I nodded, wondering where she was going with this.
“The only problem is some kids couldn’t get their parents to sign. Maybe they were embarrassed, or maybe too drunk to sign it. Most of us just forged our parents’ signatures. Some kids went out and stole a tablet from somewhere and used that. Some just went without and failed.”
“I’m assuming you just forged your mom’s signature?” I asked, knowing Violet wouldn’t have jeopardized her future by committing robbery.
“Yeah, on that as well as all my financial aid forms for college. But there was a kid who hacked into the school system. If you paid him a few bucks, he’d get you the tablet, or two or three. He’d change grades. He’d make it look like kids had paid the fees for sports, even though they hadn’t. And he wouldn’t do it for the rich kids, either, only us poor ones. We all kept mum about it, and no one ever knew. He’s probably still doing it.”

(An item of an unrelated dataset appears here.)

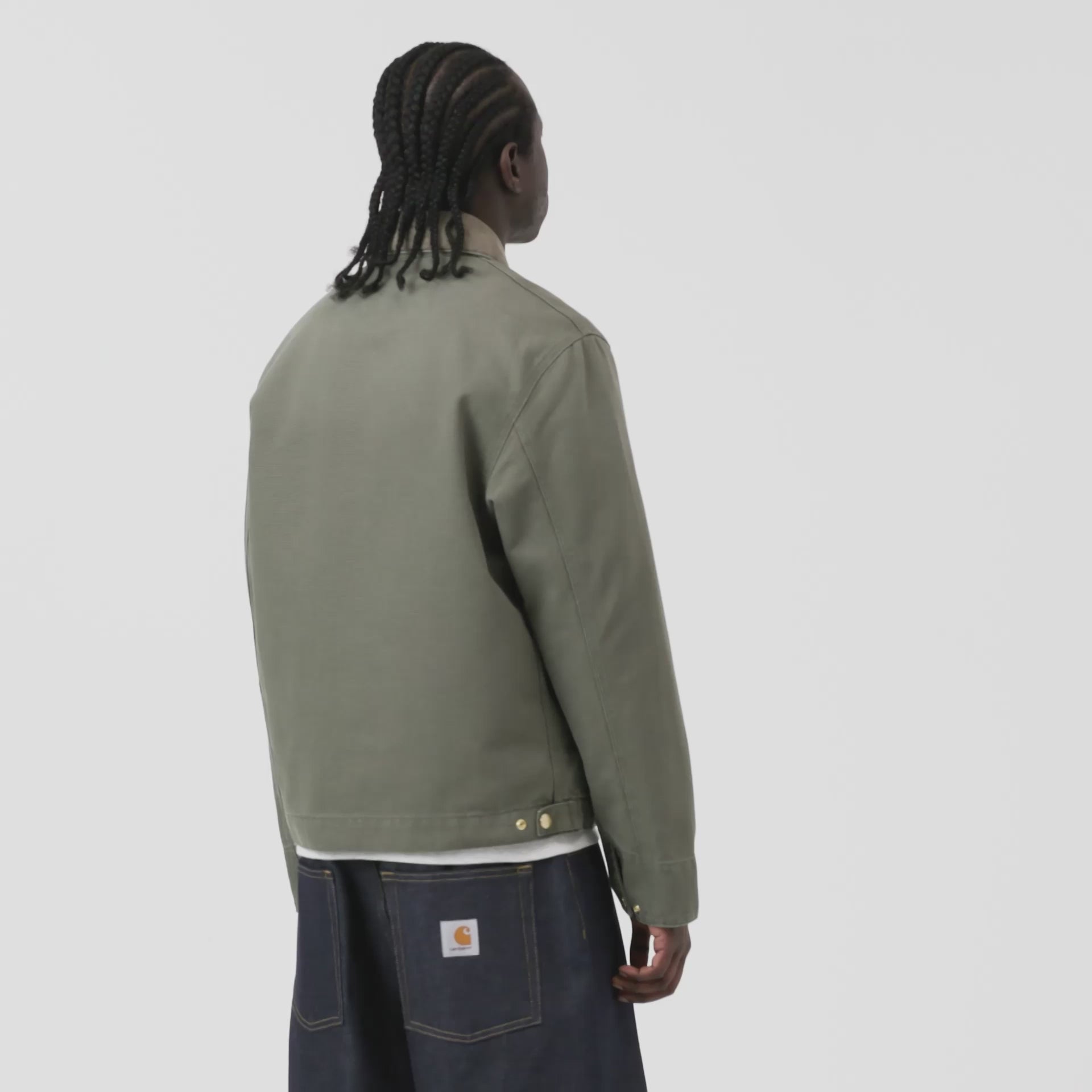 デトロイトジャケットは裏地なしの春夏仕様で、丈夫なディアボーンキャンバスを使用しています。シルエットはややクロップドに仕上げており、コーデュロイの襟、ジップ付き胸ポケット、ゴールドトーンのジップクロージャーが触感のアクセントを添え、トリプルステッチのディテールが耐久性を高めています。胸元のカーハートWIPスクエアラベルがデザイン全体を完成させています。

I frowned. “Your grades…?”
She blushed. “I earned mine, but there were lots of football kids who didn’t earn those Cs that kept them on the team.”
“Holt?” I asked.
Her smile was full of fond nostalgia. “I don
’t speak ill of the dead. Anyway, I knew that hacker kid. And I thought if he could do that barely knowing how to find the control-alt-delete keys, then someone with far more savvy in IT systems, or in processes and procedures for handling large sets of data, could become rich.”
“Did you ever think of becoming rich that way?” I asked. “Because I’m not sure I would have blamed you for that.”
“No.” A dimple creased her left cheek. “Wealthy people with connected families get away with that stuff, not poor people. Besides, I don’t really care about the money. I want to catch the crooks and send them to jail, especially the ones who think they’re too smart to get caught. That’s what drives me.”
I nodded, completely understanding this young girl. “So, we’ve got flippers running icky but legal scams with property tax liens. What else?”
“With some of those property tax purchases, they end up with the house. Those are the cases where someone has died and the estate is in limbo or there is no immediate next of kin. Some are where an elderly person forgot their tax bill, and there isn’t any family to bail them out. Sometimes it’s just an abandoned house and who knows what happened to the owners. Those places aren’t in the best of shape. The flippers have to basically foreclose on the house with the tax lien to get a clear title. Then they fix it up and sell it.”
“Okay. That’s property tax auctions. Anything else?”
“Like I said, sometimes they can do a lowball purchase of an estate property. Out-of-state grandkids, none of whom want the house and just want the whole thing settled and done so they can move on. The flipper buys it with a quick close and no inspection or repairs, and then fixes it up and sells it quick.”
“Basically, buy cheap and sell for a profit.” I looked down at the bank statements. “So, where do you think this guy would be getting the money for this?”
“Well, if he started siphoning money from his paycheck a decade ago and was able to pick up one or two purchases for a few thousand, he could be funding recent investments from the sales profits of those earlier homes,” she suggested.